Risks of Doing Business with Iran

FDD Background Resource Guide

Executive Summary

Conducting business in the Islamic Republic of Iran continues to entail profound risk. Nearly one year after the Financial Action Task Force (FATF) temporarily suspended mandatory countermeasures on Iran for its illicit conduct, Tehran has not fundamentally altered the behavior that led the standard-setting body to penalize it in the first place.

Over the past 12 months, Iran has not addressed the rampant money-laundering issues that pervade all sectors of its economy, a problem compounded by systemic financial corruption throughout Iran’s government bodies. The regime harbors a notoriously unscrupulous legal system that contains significant carve-outs for governmental discretion (under the dubious pretext of “national security”), the business empires of Iran’s Islamic Revolutionary Guard Corps (IRGC), and the Supreme Leader. Iran’s poor rankings on a wide range of corruption and compliance indexes underscore this point.

An overall lack of Iranian transparency presents compliance risks to companies and financial institutions interested in doing business in Iran.

Companies transacting in Iran also risk contravening existing U.S. sanctions regimes designed to prevent Iran from funding terrorist organizations that threaten American interests and American citizens. Iran is designated pursuant to section 311 of the USA PATRIOT Act as a jurisdiction of money-laundering concern. Former U.S. Acting Under Secretary for Terrorism and Financial Intelligence Adam Szubin stated that if foreign firms run afoul of U.S. sanctions regulations, they would be “risking the most draconian sanctions in our toolkit, and that governs not just U.S. persons but actors all around the world.”

Meanwhile, Tehran’s regional aggression and human rights violations show no signs of abating. Since President Hassan Rouhani’s election in 2013, Iran’s repression of its own people, including torture, sham trials, lack of free speech, and widespread executions, has intensified. Iran’s support for terrorist proxies in Syria, Iraq, Lebanon, Yemen and elsewhere has also continued, generating widespread instability across the Middle East and beyond.

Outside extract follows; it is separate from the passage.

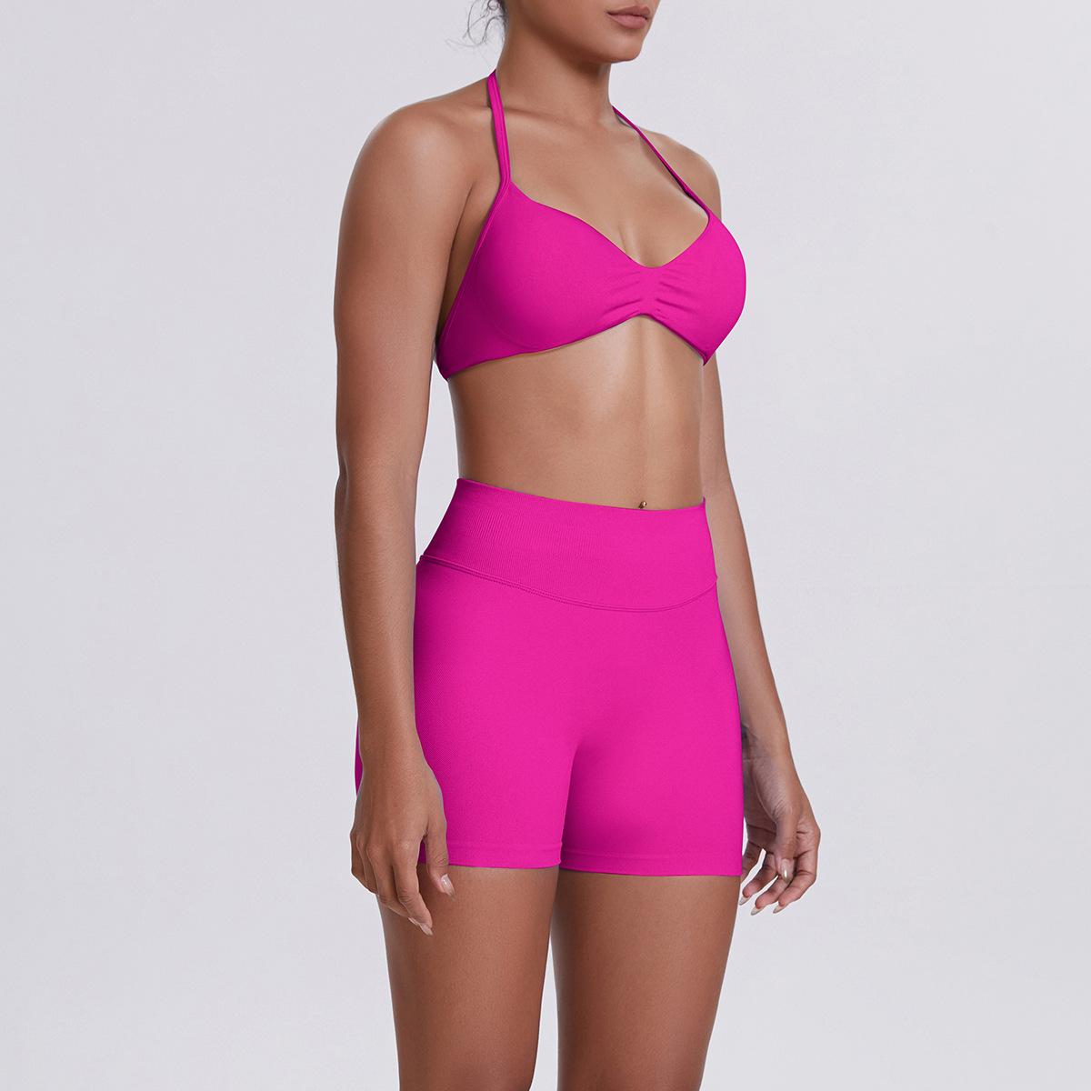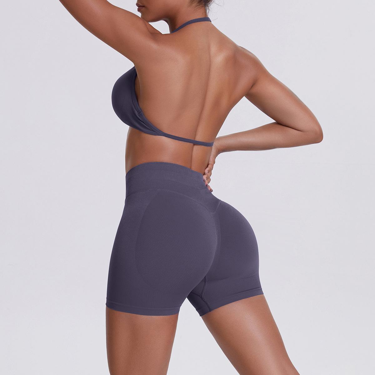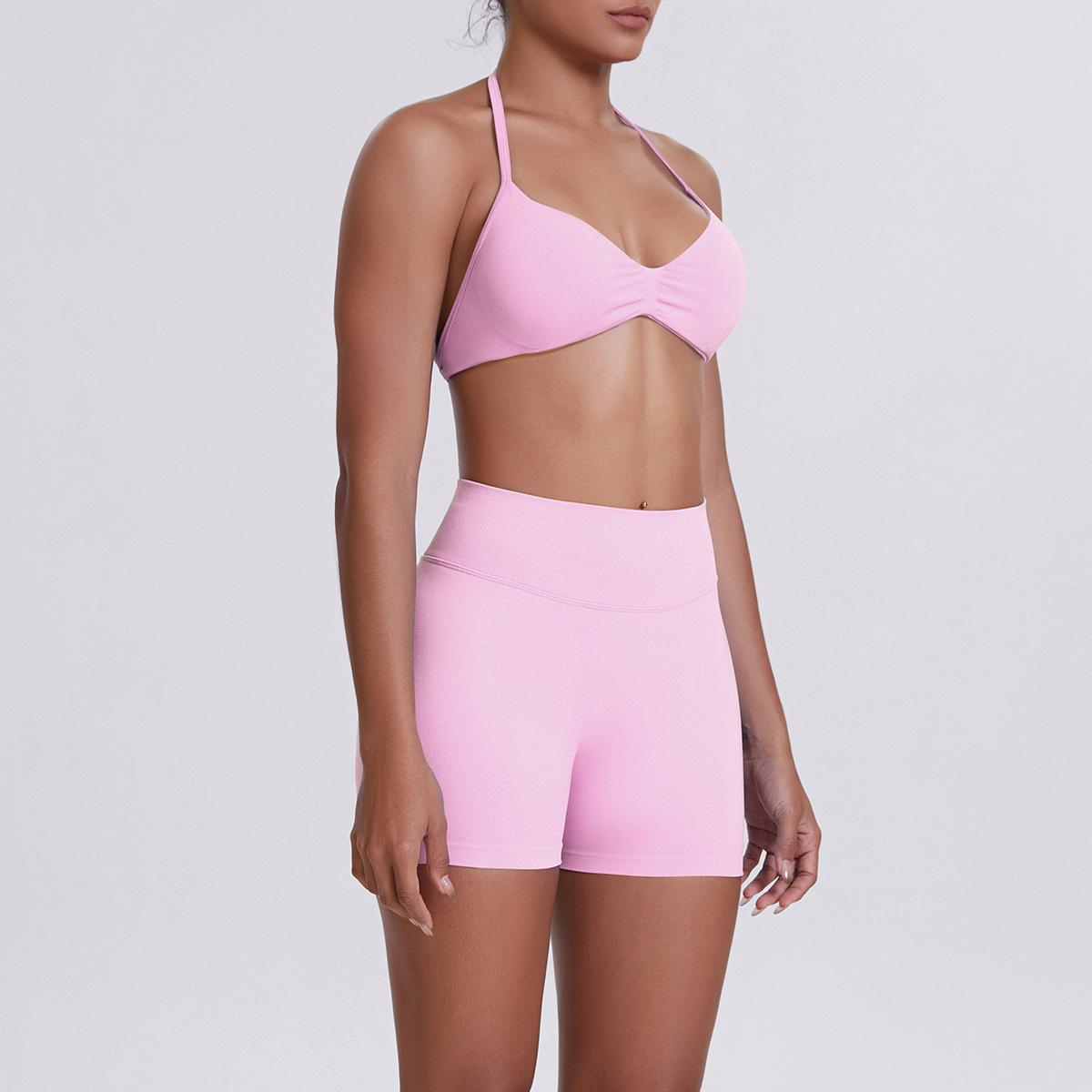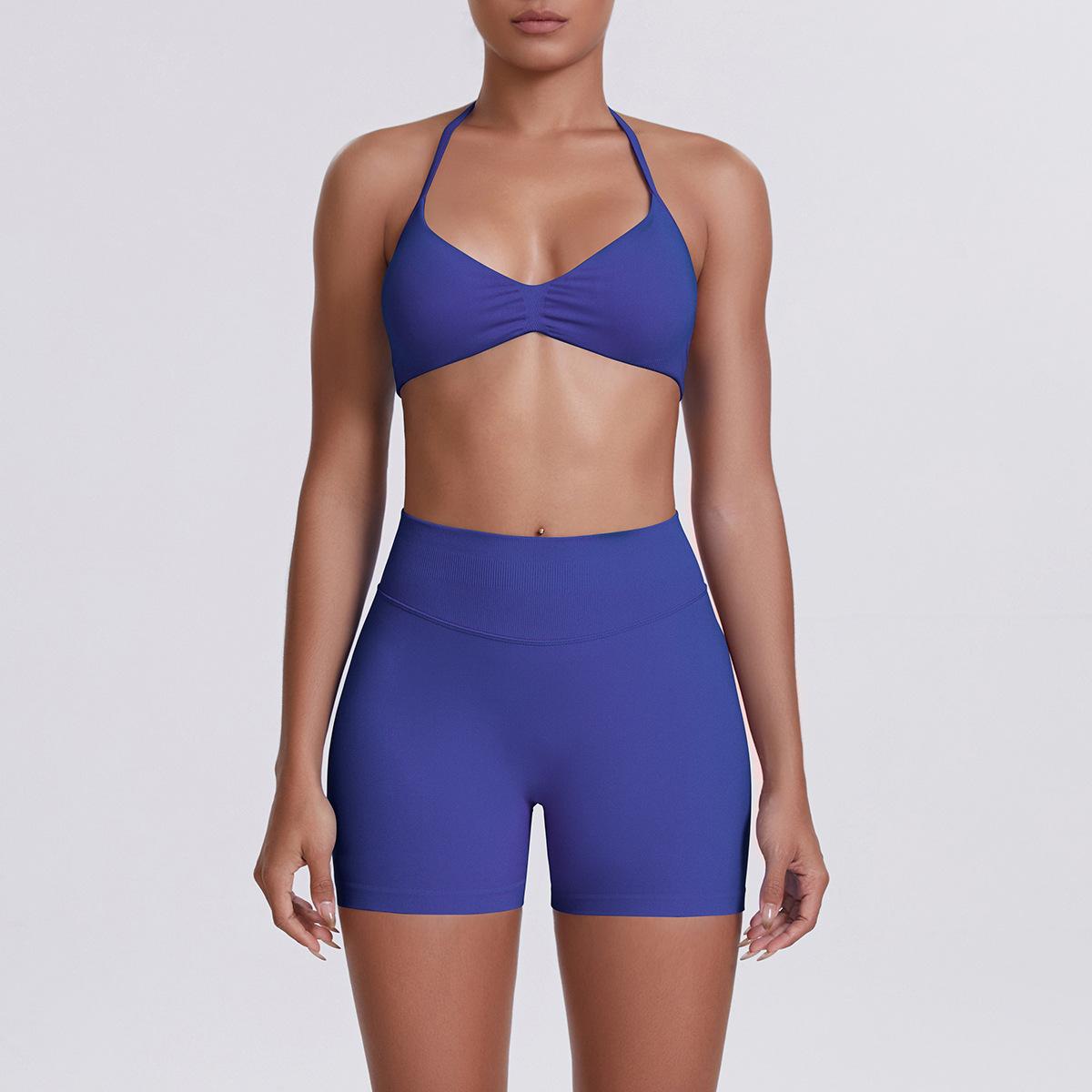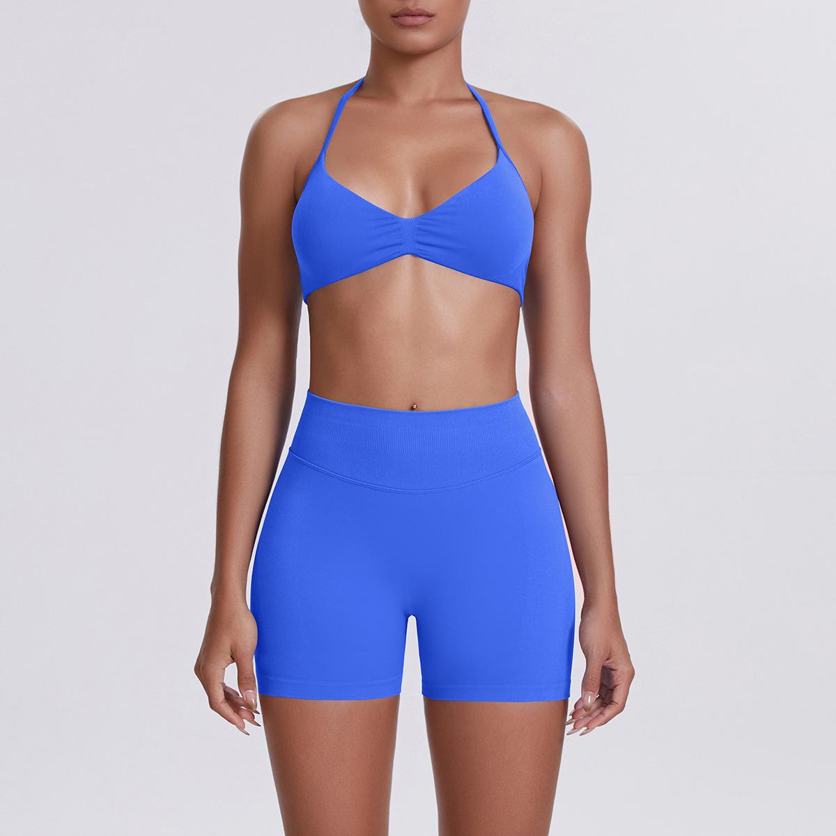 Compra Conjunto de dos piezas deportivo ajustado para correr y fitness, de color sólido sin costuras transfronterizo, con hermoso sujetador halter de espalda y shorts. al por mayor en Joom.pro

This document provides a compilation of international rankings, expert analysis, case studies and other key data points that illustrate the myriad risks associated with doing business with Iran.

Updating software and passing laws are by themselves insufficient criteria to allow Iran back into the global financial system. Unless and until Iran takes meaningful steps to moderate its behavior and comply with international financial standards, companies should exercise extreme caution before resuming transactions with the country. At the same time, international bodies such as FATF should not reduce pressure on Tehran’s unreformed and unrepentant regime.